Coastal project seeks sea change on flood defence

Introducing Trazar Astley-Reid, Managing Coastal Change Field Officer.

A three-year project to assess the many approaches to coastal management has just been launched in Essex. Funded by Defra’s Innovation Programme*, the aim is to help landowners, and farmers understand and respond to the Government’s evolving coastal policy and the impacts of climate change. 

Located in Essex because it has the longest coastline of any English county, it is being run jointly by Agricultural Developments in the Eastern Region (ADER), the Country Land and Business Association (CLA), Farming and Wildlife Group (FWAG) and the National Farmers Union (NFU). The findings will have application to coastal areas throughout the country.

Trazar Astley-Reid, who has a background of working with farmers and most recently has been project managing coastal defence for the Environment Agency, has been appointed field officer.

Project board chairman and Essex farmer Andrew St Joseph said: “The need for this project is clear. The government, Environment Agency and Natural England are all busy putting together strategies that will affect the estuaries and coastline and determine where funds are spent on flood protection over the next 50 to 100 years. 

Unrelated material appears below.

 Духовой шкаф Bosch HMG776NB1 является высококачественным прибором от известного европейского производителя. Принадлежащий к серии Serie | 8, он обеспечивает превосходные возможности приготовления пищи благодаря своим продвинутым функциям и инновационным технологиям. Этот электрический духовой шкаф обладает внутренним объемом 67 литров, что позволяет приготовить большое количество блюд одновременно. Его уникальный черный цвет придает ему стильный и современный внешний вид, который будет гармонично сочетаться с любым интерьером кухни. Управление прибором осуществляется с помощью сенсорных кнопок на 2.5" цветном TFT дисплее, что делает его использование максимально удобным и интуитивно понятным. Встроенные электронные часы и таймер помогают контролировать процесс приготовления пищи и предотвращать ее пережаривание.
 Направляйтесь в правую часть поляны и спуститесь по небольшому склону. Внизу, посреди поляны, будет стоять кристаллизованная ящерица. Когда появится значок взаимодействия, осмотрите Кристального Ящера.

“By their very nature these strategies tend to apply to the entire coast, and this holistic approach does not provide the realistic and practical information that will help coastal farmers and landowners adjust their businesses to cope with the changes that lie ahead.

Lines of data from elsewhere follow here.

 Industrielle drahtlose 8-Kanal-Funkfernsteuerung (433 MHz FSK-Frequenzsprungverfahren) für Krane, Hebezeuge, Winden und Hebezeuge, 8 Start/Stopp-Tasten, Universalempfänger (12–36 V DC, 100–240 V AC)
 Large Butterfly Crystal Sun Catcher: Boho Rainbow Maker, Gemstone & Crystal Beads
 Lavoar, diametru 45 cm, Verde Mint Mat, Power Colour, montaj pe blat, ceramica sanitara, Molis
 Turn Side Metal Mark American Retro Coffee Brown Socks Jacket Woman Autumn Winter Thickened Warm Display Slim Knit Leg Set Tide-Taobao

“Climate change predictions of sea level rise, combined with increased storms will inevitably lead to pressure on coastal defences and the farmed land including the many environmentally sensitive areas located along the coastal strip.  Managed realignment may be one solution, but there are other ways of ensuring a sustainable future for people, farming and wildlife.

“Our project seeks to establish a menu of options for the individual landowners along the coast.”

Trazar will begin by working with groups of landowners, starting in areas which are unlikely to be defended using public funds. She will be helping them to look at their options and find affordable solutions which also protect and enhance the local environment.

Mr St Joseph said: “Some farmers may opt for payments for environmental enhancement while others may look for opportunities to make money from recreation and tourism. Some may decide that the positive prospects for food and grown fuel production justify maintaining, at their own expense, the existing flood defences.  And who knows what new crops may be available that tolerate the occasional influx of sea water?

“Landowners are facing some difficult times ahead on the coastline but they can take some comfort that this project is working on their behalf to seek practical and financially viable ways forward.”

Trazar is employed by FWAG and is based at the Rural Business Centre, Writtle College, Lordship Road, Writtle, Chelmsford, Essex CM1 3RR
Tel: 01245 424108, Mob: 07900 192445 or Email: trazar.astley-reid@writtle.ac.uk  

Alternatively contact, Jim Egan, Eastern Regional Director FWAG, C/o Nottingham Trent University,
Brackenhurst Campus, Southwell, Nottinghamshire NG25 0QF
Tel: 01636 819056, Mob: 0771 3333 159 or Email: jim.egan@fwag.org.uk   

* The Defra innovation fund project was established to encourage the development of ideas for novel solutions to managing flood and coastal erosion risk. In total there are six such projects each with a different emphasis and varied locations. They are very much related and will build on each others work.